Signed-off-by: Andre Manoel <amanoel@nvidia.com>
📋 Summary
Reorganize the weekly issue-triage report around recommended actions so each flagged item is decision-ready, and flip four of the five daily audit suites from read-only reports to opening one PR per run for the most important localized fix.
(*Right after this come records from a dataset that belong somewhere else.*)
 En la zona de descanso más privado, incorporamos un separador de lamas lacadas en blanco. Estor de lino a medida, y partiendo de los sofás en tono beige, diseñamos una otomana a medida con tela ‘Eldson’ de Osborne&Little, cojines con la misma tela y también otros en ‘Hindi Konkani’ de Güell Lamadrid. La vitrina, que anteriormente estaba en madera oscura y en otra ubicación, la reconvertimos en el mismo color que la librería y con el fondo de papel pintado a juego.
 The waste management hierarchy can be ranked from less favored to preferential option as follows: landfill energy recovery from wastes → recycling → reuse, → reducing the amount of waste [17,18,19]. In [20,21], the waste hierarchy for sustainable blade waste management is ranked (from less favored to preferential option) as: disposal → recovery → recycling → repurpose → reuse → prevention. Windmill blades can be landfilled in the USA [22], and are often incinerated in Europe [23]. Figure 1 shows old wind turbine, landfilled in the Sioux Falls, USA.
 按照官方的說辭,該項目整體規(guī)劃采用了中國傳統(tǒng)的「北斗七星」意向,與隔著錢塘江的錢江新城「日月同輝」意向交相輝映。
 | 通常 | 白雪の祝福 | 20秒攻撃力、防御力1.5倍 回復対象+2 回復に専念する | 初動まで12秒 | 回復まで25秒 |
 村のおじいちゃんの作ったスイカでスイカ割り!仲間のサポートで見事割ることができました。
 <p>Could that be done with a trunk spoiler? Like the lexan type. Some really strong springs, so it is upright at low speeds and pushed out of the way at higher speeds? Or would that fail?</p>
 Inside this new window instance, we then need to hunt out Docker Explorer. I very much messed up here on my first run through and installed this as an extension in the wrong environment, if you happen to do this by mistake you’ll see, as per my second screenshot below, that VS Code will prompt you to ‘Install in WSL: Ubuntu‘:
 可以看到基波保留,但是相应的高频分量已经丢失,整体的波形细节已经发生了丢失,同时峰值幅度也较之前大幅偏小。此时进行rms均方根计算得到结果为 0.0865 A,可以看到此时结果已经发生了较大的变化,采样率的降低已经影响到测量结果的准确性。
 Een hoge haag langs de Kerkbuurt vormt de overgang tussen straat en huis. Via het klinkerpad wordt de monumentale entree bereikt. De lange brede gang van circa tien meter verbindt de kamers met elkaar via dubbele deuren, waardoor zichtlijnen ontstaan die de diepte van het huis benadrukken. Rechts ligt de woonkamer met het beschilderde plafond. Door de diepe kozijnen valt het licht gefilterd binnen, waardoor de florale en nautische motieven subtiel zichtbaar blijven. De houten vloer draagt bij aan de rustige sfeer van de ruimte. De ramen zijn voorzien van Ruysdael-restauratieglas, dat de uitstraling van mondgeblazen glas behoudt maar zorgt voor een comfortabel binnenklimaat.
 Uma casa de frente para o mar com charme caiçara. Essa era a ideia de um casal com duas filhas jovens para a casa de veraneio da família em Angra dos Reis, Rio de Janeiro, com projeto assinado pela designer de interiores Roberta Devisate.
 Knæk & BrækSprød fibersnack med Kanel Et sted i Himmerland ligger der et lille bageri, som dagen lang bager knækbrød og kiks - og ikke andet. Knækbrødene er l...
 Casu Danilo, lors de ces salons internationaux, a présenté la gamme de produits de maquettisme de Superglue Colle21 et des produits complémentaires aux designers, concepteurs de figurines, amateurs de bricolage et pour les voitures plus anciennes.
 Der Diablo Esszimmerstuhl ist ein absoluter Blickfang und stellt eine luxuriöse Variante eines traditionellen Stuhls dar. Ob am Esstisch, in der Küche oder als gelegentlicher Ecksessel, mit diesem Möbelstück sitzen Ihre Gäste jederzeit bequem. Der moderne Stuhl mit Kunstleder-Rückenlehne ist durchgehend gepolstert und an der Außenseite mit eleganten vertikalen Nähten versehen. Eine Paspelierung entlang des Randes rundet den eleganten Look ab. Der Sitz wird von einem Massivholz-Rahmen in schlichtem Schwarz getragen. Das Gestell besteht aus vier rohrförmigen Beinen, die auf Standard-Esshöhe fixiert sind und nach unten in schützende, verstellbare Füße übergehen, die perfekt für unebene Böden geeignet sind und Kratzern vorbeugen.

The shared procedure (selection, ranking, allowlists, attempted-fixes lifecycle, two-strike escalation, branch/PR conventions) lives in a single
_fix-policy.md; suite recipes declare only their eligible categories.🔗 Related Issue
N/A — extends the agentic-CI work tracked in plan 472. We can link a follow-up tracking issue once one is opened.
🔄 Changes
.agents/recipes/_fix-policy.md— universal localized-fix bar (≤3 files, ≤50 LOC, reversible, self-evident, test-safe, single-concern), per-suite path/command allowlists, finding-hash spec for stable cross-run identification,fix_backlog/attempted_fixesschema, ranking criteria (confidence > severity > impact > recency), draft-PR mode, two-strike escalation, standard fix procedure, directgh pr create --body-filePR-creation pattern..agents/recipes/_phase-audit.mdand.agents/recipes/_phase-fix.md— phase directives prepended to eachclaudeinvocation so each call knows which phase it executes..agents/recipes/issue-triage/recipe.md: action-organized buckets (Close as resolved,Close as duplicate,Needs maintainer decision,Ready for assignment,Stuck PR,Duplicate PRs,Stale, consider closing), per-row Action / Evidence / Rationale columns, healthy items collapsed to count +<details>, multi-comment split with:i/Nmarkers and orphan reconciliation, plus aRepeatedly-failed fix attemptssection that surfaces two-strike findings from the daily suites._fix-policy.md):docs-and-references: broken-link, docstring-drift (signature-driven), arch-ref-rename. Non-draft.structure: missing-future, lazy-import. Non-draft. Dead exports stay report-only.dependencies: transitive-gap, unused. Non-draft.code-quality: bare-except narrowing only. Draft PRs untildraft_until_provenis flipped after two non-draft PRs land clean. TODO-line deletion explicitly forbidden.test-health: explicit "no fix phase, all categories report-only" with a future-candidate note for test-isolation violations..github/workflows/agentic-ci-daily.yml: split the recipe step into twoclaudeinvocations (audit, then conditionally fix), each with the existing--max-turns 50. Fix step gated on audit success ANDmatrix.suite != 'test-health'AND non-emptyfix_backlog. Adds a git-identity step, expands artifact upload to include the fix log + PR body, and reports both phase outcomes in the job summary. No branch auto-deletion._runner.mdupdates: generalized branch prefix beyondchore, documented why CI usesgh pr create --body-fileinstead of/create-pr.🔍 Attention Areas
.agents/recipes/_fix-policy.md— load-bearing contract. Allowlists, ranking, two-strike escalation, and the standard fix procedure all live here. Worth reviewing in full..github/workflows/agentic-ci-daily.yml— the audit/fix split, the backlog gate (fromJSON(steps.backlog.outputs.size || '0') > 0), and thematrix.suite != 'test-health'guard.agentic-ci,agentic-ci/docs-and-references,agentic-ci/structure,agentic-ci/dependencies,agentic-ci/code-quality. The recipes apply these viagh pr edit --add-label; missing labels won't block the PR opening but will surface aghwarning.🧪 Testing
make test— N/A. No Python or other source code changed; the diff is recipes (markdown), workflow YAML, and one new policy doc.python3 -c "import yaml; yaml.safe_load(...)")workflow_dispatchone at a time and read the first 1–2 actual runs before promoting to the next, per the validation section of the plan. Two-strike escalation, allowlist enforcement, and re-attempt blocking are all observable from the runner state and PR list.✅ Checklist
_fix-policy.mditself is the architecture doc for the fix phase.